• **Collected data entries**
===============

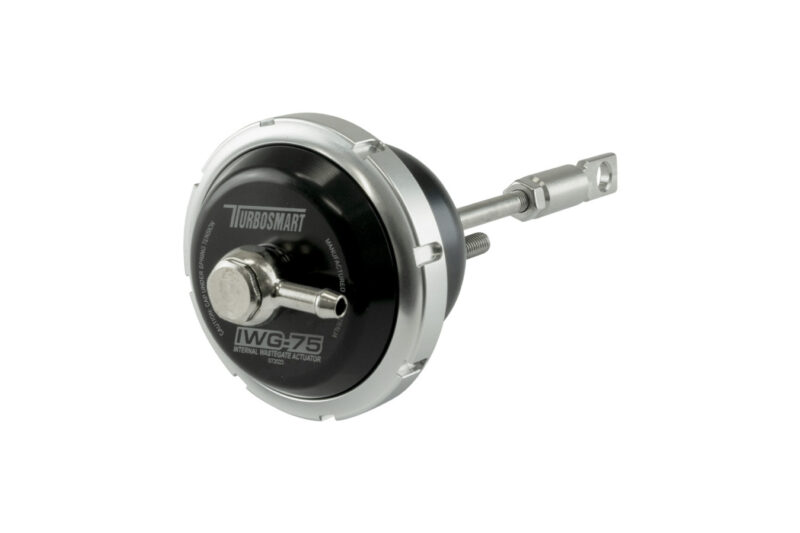 Turbosmart Upgraded Wastegate Actuators have been developed to provide the maximum possible boost response for your factory frame turbocharger. The Turbosmart IWG75 Series of upgraded Actuators benefit from an increased ‘Working Ratio’ over the factory equipment, resulting in improved boost response throughout the RPM range. This improved ‘working ratio’ is achieved through an increase in the effective surface area of the diaphragm and revisions to the actual springs fitted, resulting in greater leverage of the forces the actuator is working against (boost and backpressure) while still being super-responsive. Upgrading with the same base pressure as the factory, you can expect a broader boost and torque curve through peak boost achieved earlier in the RPM and holding longer into higher RPM. These improvements can be amplified with higher base pressures, however tuning and recalibration is likely required. FeaturesProprietary Silicon Nomex DiaphragmChoice of Springs from 3psi to 26psi (Optional)High-Grade Billet Aluminum ConstructionStainless Steel Rods and ClevisTurbosmart Unique Locking Collar System
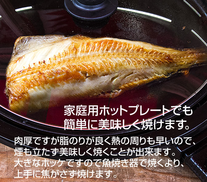家庭用ホットプレートでも簡単に美味しく焼けます。 肉厚ですが脂のりが良く熱の周りも早いので、煙も立たず美味しく焼くことが出来ます。大きなホッケですので魚焼き器で焼くより、上手に焦がさず焼けます。
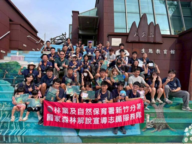 ▲解說志工攜手苗農學子火炎山遊戲闖關活動合照(林業保育署新竹分署提供)。
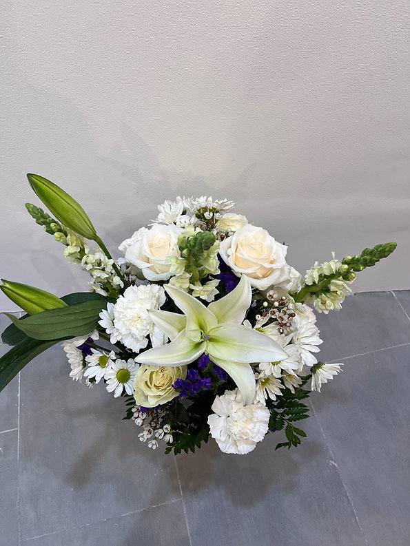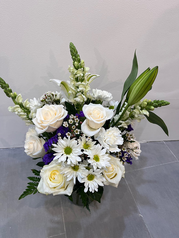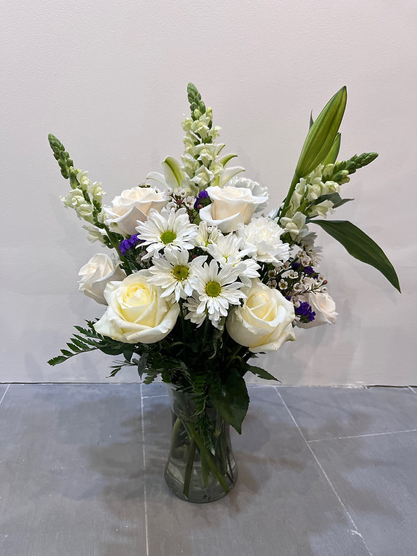 This elegant vase arrangement features white lilies, roses, carnations, daisy mums, snapdragons, and wax flower, accented with seasonal greenery for a soft and classic look. The clean white tones with subtle purple accents create a graceful and timeless design suitable for many occasions.
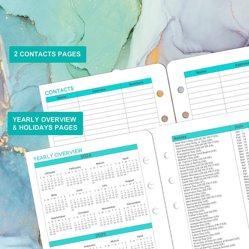 - 🌷 FUNCTIONAL - Past and future month for referencing/2024-2025 Yearly Overview/2024-2026 holiday pages/Monthly Tabs/Personal Information/2 Contacts Pages/To-Do In Monthly. This 2024 planner refills focus on meeting all your needs.
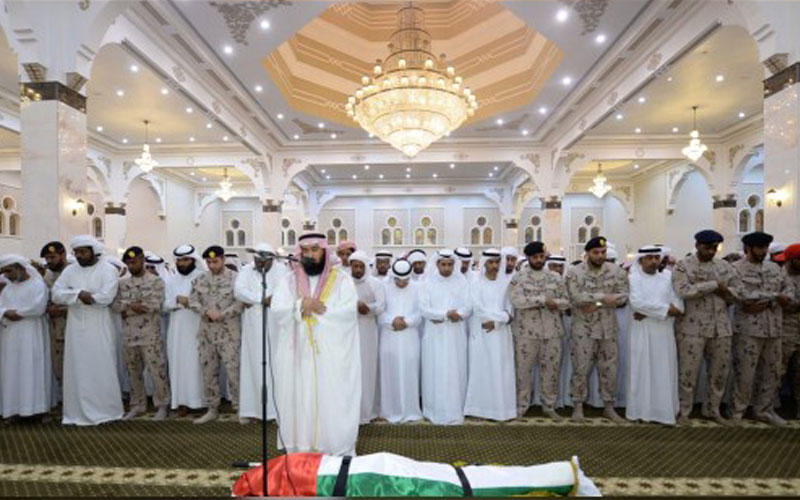 أدى الشيخ سعيد بن صقر القاسمي مدير الديوان الاميري بخورفكان والشيخ هيثم بن صقر القاسمي وجموع المصلين عصر اليوم في جامع سيد الشهداء في مدينة كلباء صلاة الجنازة على جثمان الشهيد زكريا الزعابي أحد جنودنا البواسل المشاركين في عملية " إعادة الأمل " مع قوات التحالف العربي الذي تقوده المملكة العربية السعودية للوقوف مع الشرعية في اليمن.
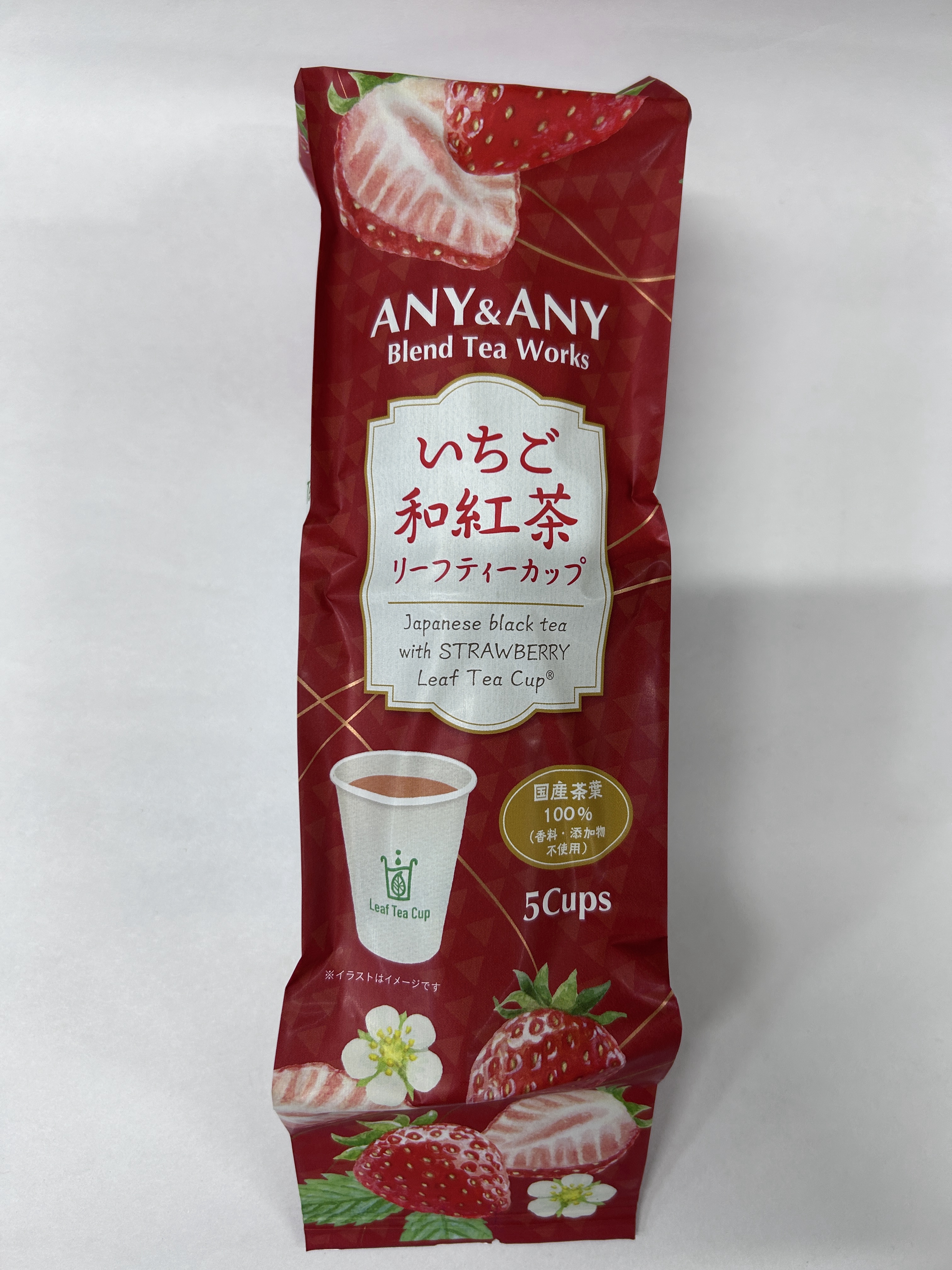苦みの少ない国産紅茶に、甘酸っぱい乾燥いちごを贅沢にブレンドしました。
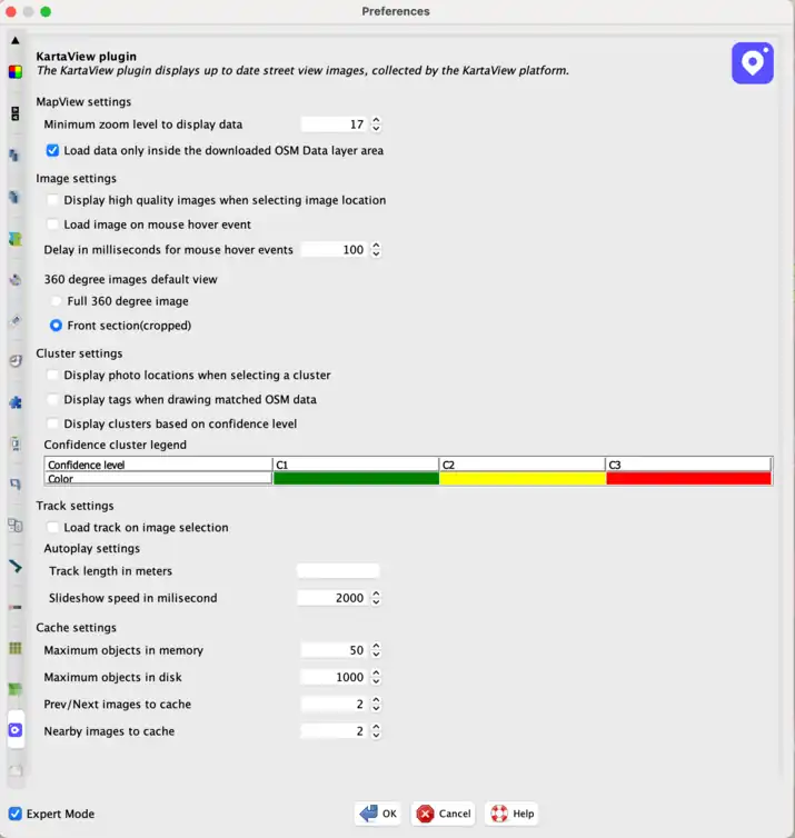The KartaView plugin can be customized from the plugin's preference settings. The preference settings can be accessed from JOSM->Preferences->KartaView plugin or from the KartaView/Edge data panel by clicking on the preference icon.
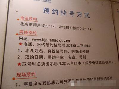 预约挂号:电话预约拨打114,网络预约需提供证件,现场预约针对于复诊或转诊宝宝

===============

• **PROBLEM DESCRIPTION**
Every line from the one holding "This elegant vase" through the final line of the data above is to be reproduced exactly, both ends included, with the pictures left out.

• **REPLY**
 This elegant vase arrangement features white lilies, roses, carnations, daisy mums, snapdragons, and wax flower, accented with seasonal greenery for a soft and classic look. The clean white tones with subtle purple accents create a graceful and timeless design suitable for many occasions.
 - 🌷 FUNCTIONAL - Past and future month for referencing/2024-2025 Yearly Overview/2024-2026 holiday pages/Monthly Tabs/Personal Information/2 Contacts Pages/To-Do In Monthly. This 2024 planner refills focus on meeting all your needs.
 أدى الشيخ سعيد بن صقر القاسمي مدير الديوان الاميري بخورفكان والشيخ هيثم بن صقر القاسمي وجموع المصلين عصر اليوم في جامع سيد الشهداء في مدينة كلباء صلاة الجنازة على جثمان الشهيد زكريا الزعابي أحد جنودنا البواسل المشاركين في عملية " إعادة الأمل " مع قوات التحالف العربي الذي تقوده المملكة العربية السعودية للوقوف مع الشرعية في اليمن.
苦みの少ない国産紅茶に、甘酸っぱい乾燥いちごを贅沢にブレンドしました。
The KartaView plugin can be customized from the plugin's preference settings. The preference settings can be accessed from JOSM->Preferences->KartaView plugin or from the KartaView/Edge data panel by clicking on the preference icon.
 预约挂号:电话预约拨打114,网络预约需提供证件,现场预约针对于复诊或转诊宝宝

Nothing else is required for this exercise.